As we are all moving in a bigger global communication area, translation services are more essential to manage everything that your business needs for the daily tasks or personal communication with someone coming from another country. The two most useful tools and the biggest translation services on the internet are DeepL and Google Translate. This article is walking you through a complete overview of a comparison between these two translation giants, showing the level of their skills, with the main focus on the accuracy, easiness of use, supported languages provided, additional features and the price.
Accuracy
DeepL: A Leader in Accuracy
DeepL has also gained a reputation for its accuracy, especially on complicated sentences and for retaining the nuance of the original text. DeepL uses the latest neural network technology to make translations that are not only accurate but readable. After translation, the text no longer sounds like a computer draft – DeepL works especially well for European languages, including German, French and Spanish.
Google Translate: A Versatile Contender
Given its wide range of languages – not always as fine-grained as DeepL’s, but comparable on most of them – Google Translate is unlikely to mislead. The scale and sheer mass of Google’s data (plus the constant advance of machine learning), mean it handles more than 100 languages pretty competently. But it is not as accurate for imported idioms and more nuanced text as DeepL can be – though for anything that’s not particularly ‘literary’, Google often suffices.
Ease of Use
DeepL: Intuitive and User-Friendly
The DeepL interface is elegant, simple, and intuitive to use. Translations can be made of text, documents, and even complete webpages. The intuitive design, in conjunction with the quality of the translations it generates, supports why many professional translators and casual users alike rate DeepL so highly.
Google Translate: Feature-Rich and Accessible
The thing that makes Google Translate such a beautiful piece of software, though, is its feature scope and ease of use. As well as being available as a web service, a mobile app, and a browser extension, the service provides natural speech input via the mic, the ability to translate handwritten text, real-time camera translation, and an offline mode that makes the app useful while traveling.
Supported Languages
DeepL: Focused and Specialized
DeepL currently provides translations in 32 languages (including many of the European languages, not to mention a few other ones like Chinese and Japanese, though admittedly this is fewer than are supported by Google Translate). But while Google tries to do everything for everyone, DeepL is relatively focused, which means that what it does do is high quality.

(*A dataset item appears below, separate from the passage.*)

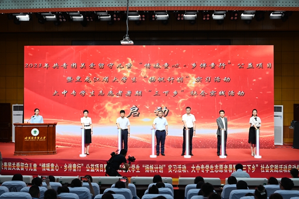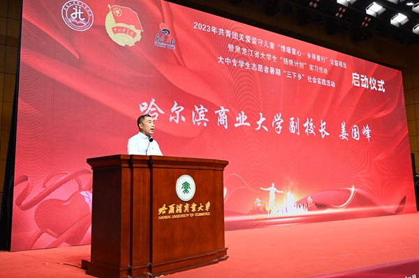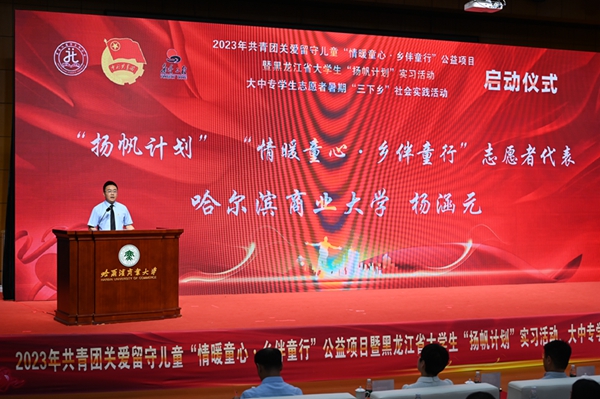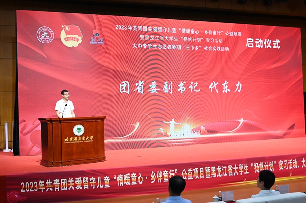 本次活動,在哈爾濱商業(yè)大學(xué)的大力支持下順利開展,哈爾濱商業(yè)大學(xué)副校長姜國鋒在儀式上致辭,他說:“學(xué)校建校71年來,立足立德樹人根本任務(wù),聚焦‘為黨育人,為國育才’的職責(zé)使命,在不斷加強‘第一課堂’建設(shè)的同時,還依托學(xué)?!惑w兩翼’文化育人模式,充分發(fā)揮實踐育人的作用,通過開展‘三下鄉(xiāng)’‘返家鄉(xiāng)’等社會實踐和‘西部計劃’‘興邊富民’志愿服務(wù)項目,引導(dǎo)廣大青年學(xué)生堅持用習(xí)近平新時代中國特色社會主義思想凝心鑄魂,在社會的課堂中‘受教育、長才干、作貢獻(xiàn)’?!被顒蝇F(xiàn)場,播放《黑龍江省希望工程30年與光同行》和黑龍江省大中專學(xué)生志愿者暑期“三下鄉(xiāng)”社會實踐活動宣傳片,與會領(lǐng)導(dǎo)上臺共同啟動了“情暖童心·鄉(xiāng)伴童行”公益項目、大學(xué)生“揚帆計劃”實習(xí)活動、大中專學(xué)生志愿者暑期“三下鄉(xiāng)”社會實踐活動。

Google Translate: A Language Powerhouse
Its language support is also the most comprehensive, including more than 100 languages. This magnitude of languages is a great benefit to those who need to translate across a wide variety of languages. This tool is the only one that can translate from and into a wide variety of language pairs.
Additional Features
DeepL: Premium Quality Enhancements
DeepL also provides a subscription service, DeepL Pro, which includes additional functionality, like increased security for commercial purposes, faster processing speeds, and larger documents, as well as integration with computer-assisted translation (CAT) tools, which are commonly used by translators.
Google Translate: Innovation and Integration
Its integration into other Google services – Gmail, Google Docs, etc – gives it added usefulness; and its conversation mode in the mobile app facilitates two-way real-time bilingual speech during travel and international business. Google’s ongoing investment in AI guarantees that the service will improve on an ongoing basis.
Pricing:
DeepL: Investment in Precision
It features a free and basic version and a Pro version for more features. The Pro version, based on a subscription model, has various price levels depending on the user’s level of needs in terms of translation accuracy and additional safeguard functions. This can be a good investment if one needs highly accurate translations and additional security functions.
Google Translate: Free and Accessible
Google Translate is still free for most users, and the freebie version has many features to get you started, particularly if cost is a factor or you need more than one language. This model is perfect for the casual linguist or the tourist who wants to read menus or street directions without resorting to expensive tactics, such as hand gestures.
Conclusion
The decision between which to use – DeepL or Google Translate – ultimately comes down to what your use-case is. If you’re in need of translating quotations from philosophers in your essay or article and care about the level of precision, or if you work with texts written mostly in European languages, then I’ve come to the conclusion that you should go with DeepL. It’s simply a better translation tool if you’re going to be using it professionally.
At the same time, if you are looking for a feature-rich, polyglot translation service, there is only one clear winner: Google Translate. Not only is it readily available on almost any device, and supports an enormous range of languages, it is also well-integrated with other Google services.
Perhaps the takeaway is that both DeepL and Google Translate provide great, reliable translation services, so choose the one that does what you need it to do best.